== DIRECTIONS ==
Retype exactly the lines below, beginning with the first and ending with the line where "不管是在无印良品事件还是百度" appears.

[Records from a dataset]
[Start of Attachment]

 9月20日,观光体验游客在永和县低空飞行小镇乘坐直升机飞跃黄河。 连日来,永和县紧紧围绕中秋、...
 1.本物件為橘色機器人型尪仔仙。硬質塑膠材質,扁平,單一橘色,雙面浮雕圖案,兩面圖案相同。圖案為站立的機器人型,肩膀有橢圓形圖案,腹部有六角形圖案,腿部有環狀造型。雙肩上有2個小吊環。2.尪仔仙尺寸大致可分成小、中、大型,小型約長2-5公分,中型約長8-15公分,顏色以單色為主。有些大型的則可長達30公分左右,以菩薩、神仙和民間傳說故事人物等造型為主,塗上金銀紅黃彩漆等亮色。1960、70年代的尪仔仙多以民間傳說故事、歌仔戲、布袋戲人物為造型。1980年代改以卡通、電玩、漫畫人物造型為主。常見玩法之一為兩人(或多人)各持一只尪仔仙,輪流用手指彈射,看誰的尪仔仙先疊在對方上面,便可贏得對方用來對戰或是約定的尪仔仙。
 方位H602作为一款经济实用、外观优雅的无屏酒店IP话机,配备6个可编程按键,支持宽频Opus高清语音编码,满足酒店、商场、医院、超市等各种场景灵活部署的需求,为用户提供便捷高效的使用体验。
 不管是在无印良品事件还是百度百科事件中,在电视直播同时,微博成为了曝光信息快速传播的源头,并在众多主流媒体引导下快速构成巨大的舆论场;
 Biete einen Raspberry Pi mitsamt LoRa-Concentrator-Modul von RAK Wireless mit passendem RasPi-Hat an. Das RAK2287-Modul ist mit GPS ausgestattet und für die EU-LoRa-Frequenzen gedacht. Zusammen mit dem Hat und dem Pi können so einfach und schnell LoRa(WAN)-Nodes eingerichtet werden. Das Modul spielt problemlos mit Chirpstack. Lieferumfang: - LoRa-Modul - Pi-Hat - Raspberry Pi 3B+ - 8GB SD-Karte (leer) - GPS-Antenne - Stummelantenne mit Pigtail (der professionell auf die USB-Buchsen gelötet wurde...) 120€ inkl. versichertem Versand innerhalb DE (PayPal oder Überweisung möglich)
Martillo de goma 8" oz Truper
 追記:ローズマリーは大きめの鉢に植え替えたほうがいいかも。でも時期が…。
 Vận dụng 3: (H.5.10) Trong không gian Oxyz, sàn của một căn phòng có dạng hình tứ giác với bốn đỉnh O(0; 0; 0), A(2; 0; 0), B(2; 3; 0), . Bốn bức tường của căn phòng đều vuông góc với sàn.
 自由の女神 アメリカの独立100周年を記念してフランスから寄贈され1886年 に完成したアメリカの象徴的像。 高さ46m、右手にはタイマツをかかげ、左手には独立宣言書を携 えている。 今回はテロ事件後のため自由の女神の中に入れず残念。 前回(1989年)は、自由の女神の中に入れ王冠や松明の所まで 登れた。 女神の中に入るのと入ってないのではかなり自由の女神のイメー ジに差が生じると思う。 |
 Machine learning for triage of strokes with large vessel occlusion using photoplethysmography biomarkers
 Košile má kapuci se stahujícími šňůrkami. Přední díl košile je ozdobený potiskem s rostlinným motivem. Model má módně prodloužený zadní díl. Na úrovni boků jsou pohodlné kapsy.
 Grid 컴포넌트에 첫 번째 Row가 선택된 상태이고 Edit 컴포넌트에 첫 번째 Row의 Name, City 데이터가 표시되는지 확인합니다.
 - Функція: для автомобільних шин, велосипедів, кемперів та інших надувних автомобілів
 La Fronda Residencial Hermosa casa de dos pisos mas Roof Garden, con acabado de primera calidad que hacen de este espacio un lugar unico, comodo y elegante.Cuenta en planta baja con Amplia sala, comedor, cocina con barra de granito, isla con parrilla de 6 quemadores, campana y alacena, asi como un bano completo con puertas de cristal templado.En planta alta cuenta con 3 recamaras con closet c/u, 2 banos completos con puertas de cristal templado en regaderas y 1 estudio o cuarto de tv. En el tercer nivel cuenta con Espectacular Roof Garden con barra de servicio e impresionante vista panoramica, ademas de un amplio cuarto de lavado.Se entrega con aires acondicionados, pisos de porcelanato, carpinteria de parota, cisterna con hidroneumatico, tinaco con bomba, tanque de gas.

[End of Attachment]

== WRITTEN ANSWER ==
 9月20日,观光体验游客在永和县低空飞行小镇乘坐直升机飞跃黄河。 连日来,永和县紧紧围绕中秋、...
 1.本物件為橘色機器人型尪仔仙。硬質塑膠材質,扁平,單一橘色,雙面浮雕圖案,兩面圖案相同。圖案為站立的機器人型,肩膀有橢圓形圖案,腹部有六角形圖案,腿部有環狀造型。雙肩上有2個小吊環。2.尪仔仙尺寸大致可分成小、中、大型,小型約長2-5公分,中型約長8-15公分,顏色以單色為主。有些大型的則可長達30公分左右,以菩薩、神仙和民間傳說故事人物等造型為主,塗上金銀紅黃彩漆等亮色。1960、70年代的尪仔仙多以民間傳說故事、歌仔戲、布袋戲人物為造型。1980年代改以卡通、電玩、漫畫人物造型為主。常見玩法之一為兩人(或多人)各持一只尪仔仙,輪流用手指彈射,看誰的尪仔仙先疊在對方上面,便可贏得對方用來對戰或是約定的尪仔仙。
 方位H602作为一款经济实用、外观优雅的无屏酒店IP话机,配备6个可编程按键,支持宽频Opus高清语音编码,满足酒店、商场、医院、超市等各种场景灵活部署的需求,为用户提供便捷高效的使用体验。
 不管是在无印良品事件还是百度百科事件中,在电视直播同时,微博成为了曝光信息快速传播的源头,并在众多主流媒体引导下快速构成巨大的舆论场;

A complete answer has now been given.